Rays Kevin Cash has a case for AL Manager of the Year award

 
Published Nov. 13, 2018|Updated Nov. 13, 2018

ST. PETERSBURG – The Rays have already shown their appreciation for the job Kevin Cash did in managing them through roster renovation, injuries and strategic innovation to win 90 games by rewarding him with a contract extension through 2024.

Tuesday, we will see what members of the Baseball Writers' Association of America who vote for the American League Manager of the Year award thought.

Cash is not likely to win the award.

Voters typically favor the manager who does the most with the least, which this year, by a slim margin, would be Oakland's Bob Melvin, or the manager who wins the most, which would be Boston's Alex Cora (with voting based on the regular season).

But Cash did pretty well, too.

His ability to remain positive and consistent in his approach while steering the team through a winter/spring purge of veterans, 3-12 start and the mid-April loss of centerfielder Kevin Kiermaier to injury, then subsequent roster transition and implementation of the revolutionary opener pitching strategy was impressive to those in and outside the organization.

Cash, 40, as usual, spread the credit elsewhere.

To his bosses above. To the coaches and staff at his side. And repeatedly to his players, whoever they were at the time as the Rays used a club-record 54 players, including 23 rookies, and had only three on the active roster all season.

RELATED: Why Rays gave Cash such a long contract extension

"Especially the effort level and the buy in,'' Cash said. "I think I said "buy-in" 500 times throughout the course of the year and it kind of resonates. Those guys really understood what we were trying to accomplish.
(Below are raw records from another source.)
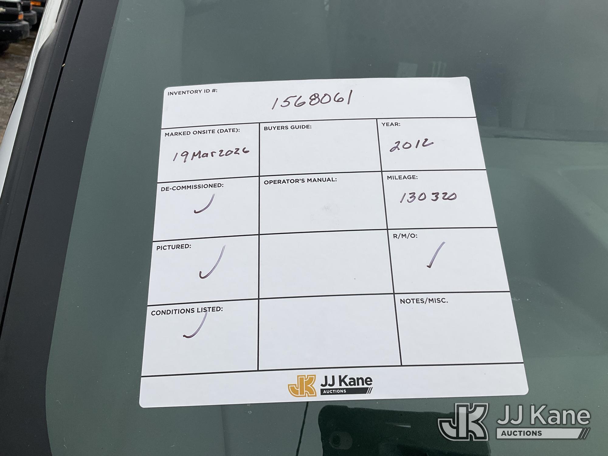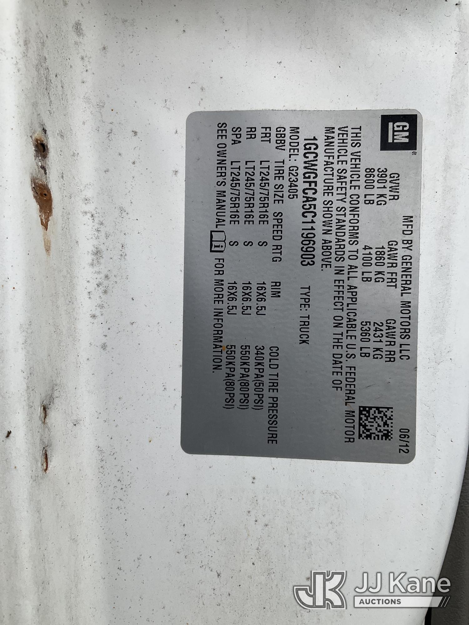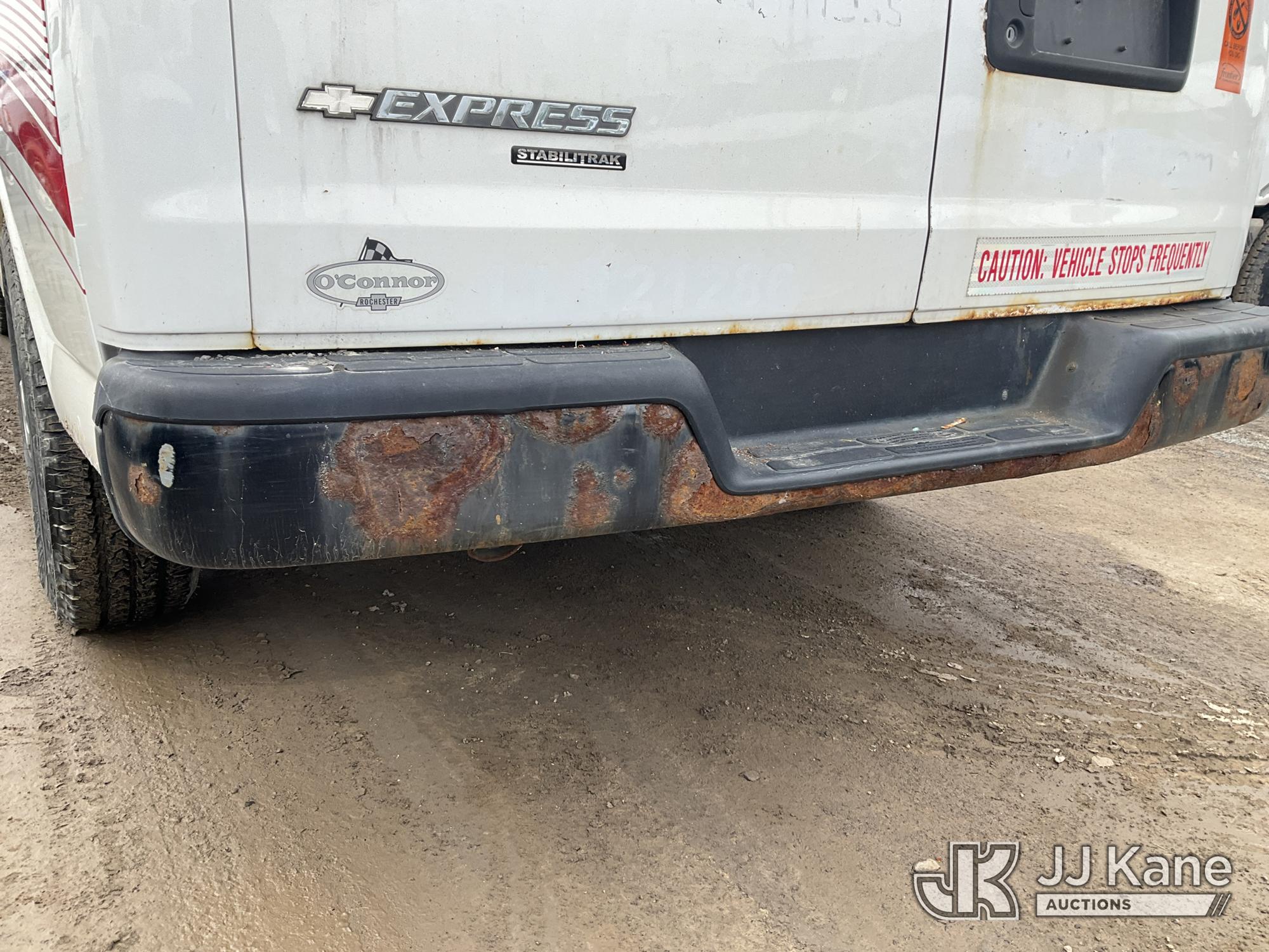 2012 Chevrolet Express G2500 Cargo Van, 8-cyl gas, Auto, A/C, (130,320 miles) (Runs Rough & Moves, Jump To Start, Check Engine Light On, Body & Rust Damage, Must Tow) This is a Titled Item*
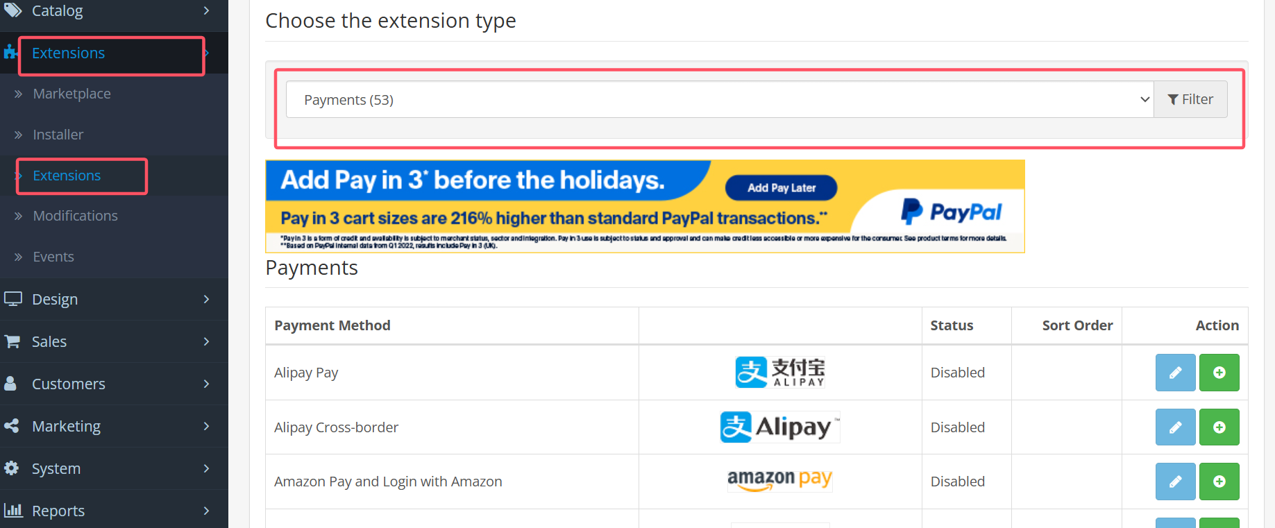登录 OpenCart 后台,进入 “扩展> 扩展 > 支付方式”,找到 “我的支付插件”,点击 “安装”,然后点击 “编辑” 配置订单状态等参数,最后启用插件。
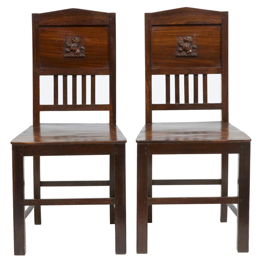 Pair of 19th Century Mahogany English Colonial Hall Chairs
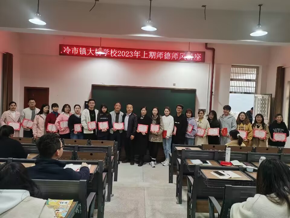 本网讯 3月15日晚,冷市镇大桥学校组织全体教师召开师德师风建设专题会议,着力解决师德师风建设中的薄弱环节和突出问题。 会上,小结了春季开学以来师德师风建设工作的亮点和典型事例,深入剖析了教师中职业道德、教育教学工作中存在的不足与缺失。 该校校长黄军主讲了题为“做新时代传道授业解惑的引路人”辅导报告。从讲政治、讲修养、讲素质三个层面。要求全体教师做到爱国守法、爱岗敬业、为人师表、教书育人、关爱学生、终身学习。用心用情奉献教育,服务学生,做学生健康成长的筑梦人、系扣人、引路人。通过身边鲜活案例,阐释如何做有理想信念、有道德情操、有扎实学识、有仁爱之心的四有好老师。作风建设要从我做起,从身边的小事做起,对待工作要敢于担当,珍惜缘分,珍惜手中这份平凡而伟大的工作。话语情真意切,象一面镜子,触动了每个教师的灵魂深处。 教师纷纷自我反思并表示:对照新时代教师标准要求,自觉照镜子,找差距,为人师表,履职尽责,展示乡村教师良好精神风貌,不负新时代使命担当。 会上,表彰了一批爱岗敬业教育教学成绩突出的教师。

We threw a lot of different thoughts at them and they really responded and made the Rays, made me, look a lot smarter than I am.''

That humility is one of the traits top Rays executives cite in their praise of Cash, along with his energy, consistency, toughness and leadership ability.

Worth noting, he was the only manager of the year finalist in either league whose team didn't make the playoffs. (Also worth noting, MLB Network analysts Dan O'Dowd and John Smoltz both said Monday night Cora deserved to be the runaway winner, that there was a "bias" against managers on teams with big payrolls.)
Since coming to the Rays in 2015 with no previous managing experience to replace Joe Maddon, Cash says he has learned much.

RELATED: How Rays Cash made things turn out okay

That includes basics such a better management of the bullpen and control of the running game to philosophical issues such as striking the balance between being close with the players but understanding they don't like some of your decisions.

Also, especially in 2018, consistency.

"It means a lot to the players,'' Cash said. "I've learned that over the years. Showing up being the same person means a lot after tough wins, tough losses. They understand that, they can appreciate that a little bit more.''

And a lot of people now appreciate the job Cash did.